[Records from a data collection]
■ ■ ■ ■ ■
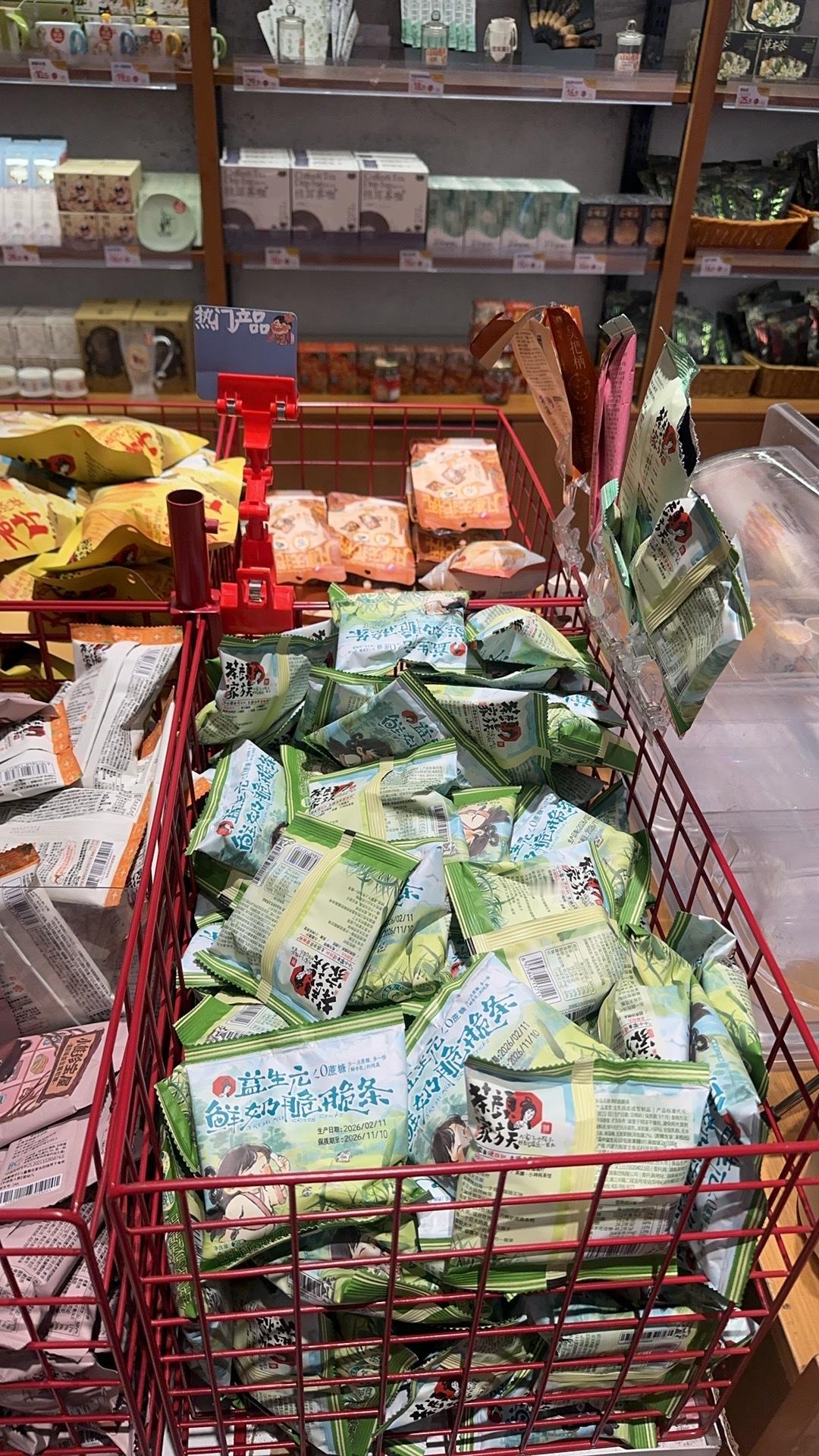 要不是同行的媒体老师要去买,我都不知道重庆机场有一家这么大的茶颜悦色,我都恍惚了,这不是长沙特产吗? 这家店内,奶茶不是主要产品,各类零食才是,包装也是关键,好看,养眼,有茶颜的特色的,太绝了,虽然都是一些什么薯片,玉米粒,黑芝麻丸,锅巴之类的,但包装确实很精彩,现在感觉奶茶店也在转型,蜜雪也在卖零食了,推出各类平价产品,主体消费力还是学生党~
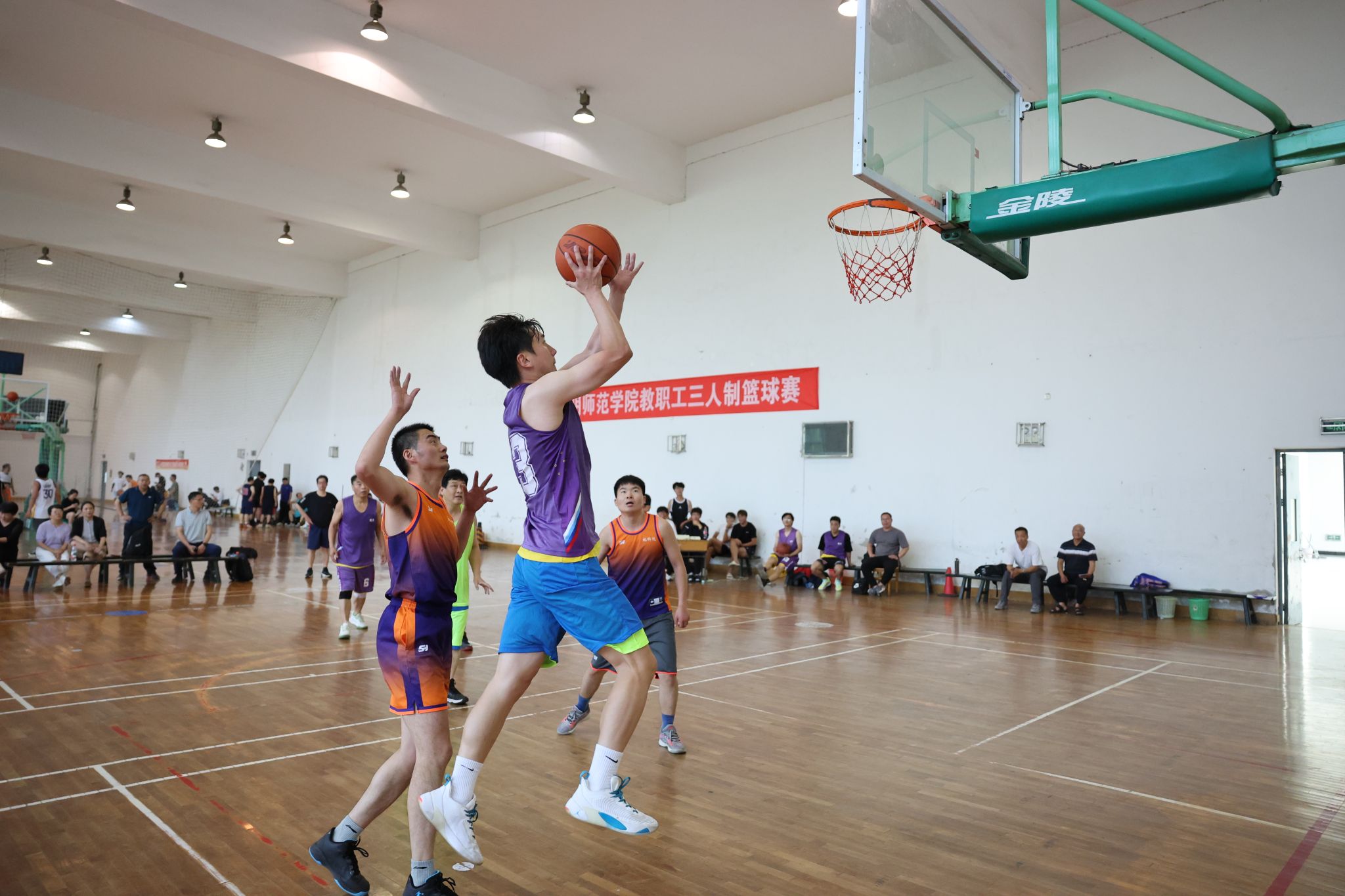 图为淮师举办2025年教职工三人制篮球比赛。记者张银河摄
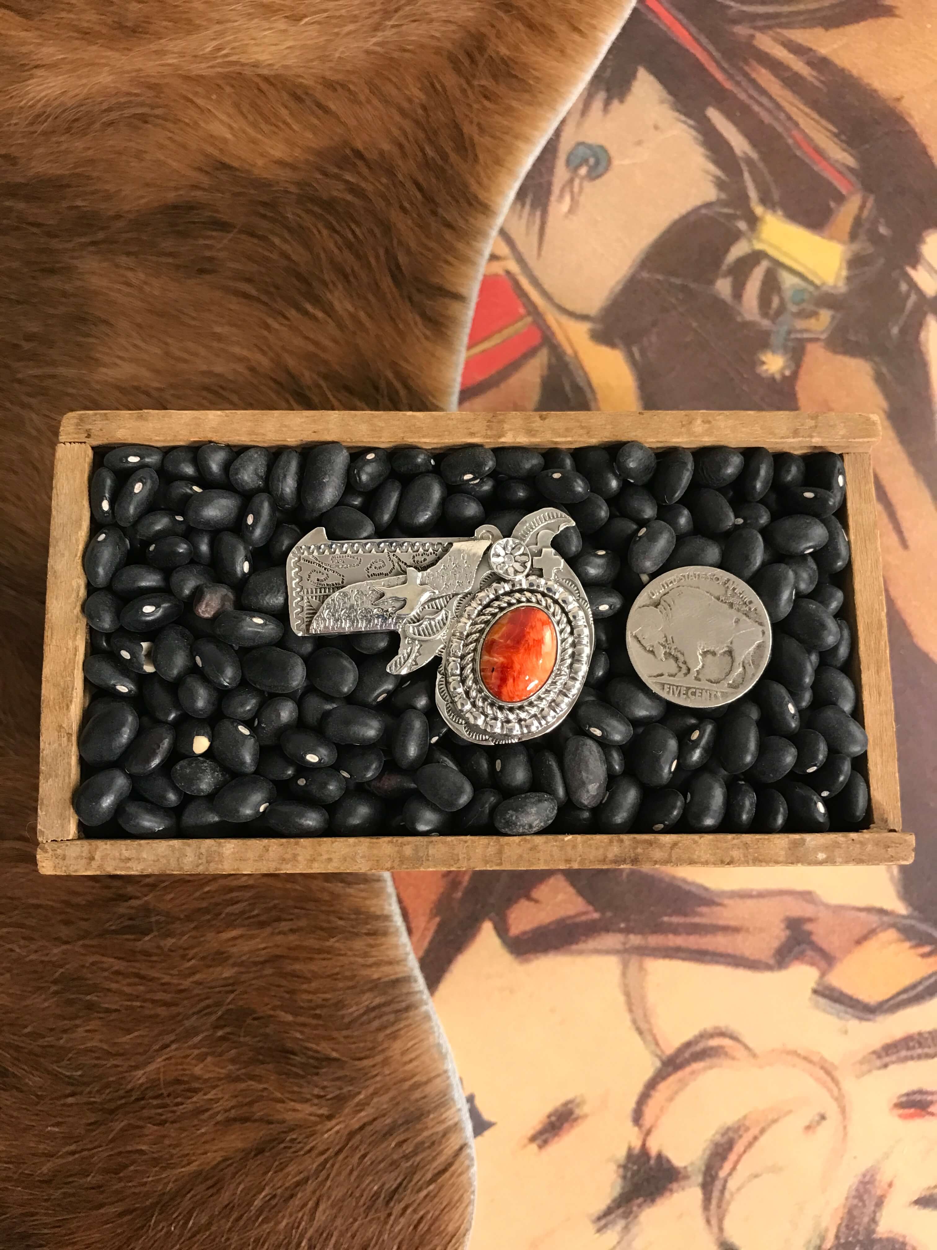 All of our products are made from .925 sterling and fine silver with other precious metal accents like gold, copper, or brass. Variations in stone and silver design are to be expected.
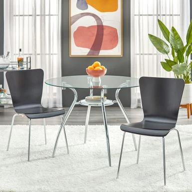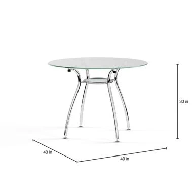 Elevate your dining space with this stunning Porch & Den St. Paul Tempered Glass Chrome Round Dining Table. Ideal for small homes and apartments, this modern styled table boasts a lower shelf design and an under-tray for added functionality and appeal. With a sturdy chrome and tempered glass construction, it is sure to last for years to come. Measuring 29.5 inches high x 39.5 inches wide x 39.5 inches deep, it can accommodate up to 4 people comfortably.
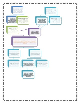 Este documento presenta un árbol de problemas que investiga la limitada utilización de recursos tecnológicos por parte de los docentes y sus efectos negativos en los estudiantes de una universidad en Guatemala. La causa principal identificada es que los docentes no tienen interés en utilizar estas tecnologías debido a que las consideran una carga adicional de trabajo, no les dan el valor apropiado como herramientas docentes y tienen miedo al cambio. Otra causa es que los docentes no han sido capacitados y desconocen cómo usar estas te
■ ■ ■ ■ ■
● Instructions to follow: When pictures appear in the records above, leave them out and reproduce exactly each line from the first through the line containing "Elevate your dining", both included.

● Solved problem:
 要不是同行的媒体老师要去买,我都不知道重庆机场有一家这么大的茶颜悦色,我都恍惚了,这不是长沙特产吗? 这家店内,奶茶不是主要产品,各类零食才是,包装也是关键,好看,养眼,有茶颜的特色的,太绝了,虽然都是一些什么薯片,玉米粒,黑芝麻丸,锅巴之类的,但包装确实很精彩,现在感觉奶茶店也在转型,蜜雪也在卖零食了,推出各类平价产品,主体消费力还是学生党~
 图为淮师举办2025年教职工三人制篮球比赛。记者张银河摄
 All of our products are made from .925 sterling and fine silver with other precious metal accents like gold, copper, or brass. Variations in stone and silver design are to be expected.
 Elevate your dining space with this stunning Porch & Den St. Paul Tempered Glass Chrome Round Dining Table. Ideal for small homes and apartments, this modern styled table boasts a lower shelf design and an under-tray for added functionality and appeal. With a sturdy chrome and tempered glass construction, it is sure to last for years to come. Measuring 29.5 inches high x 39.5 inches wide x 39.5 inches deep, it can accommodate up to 4 people comfortably.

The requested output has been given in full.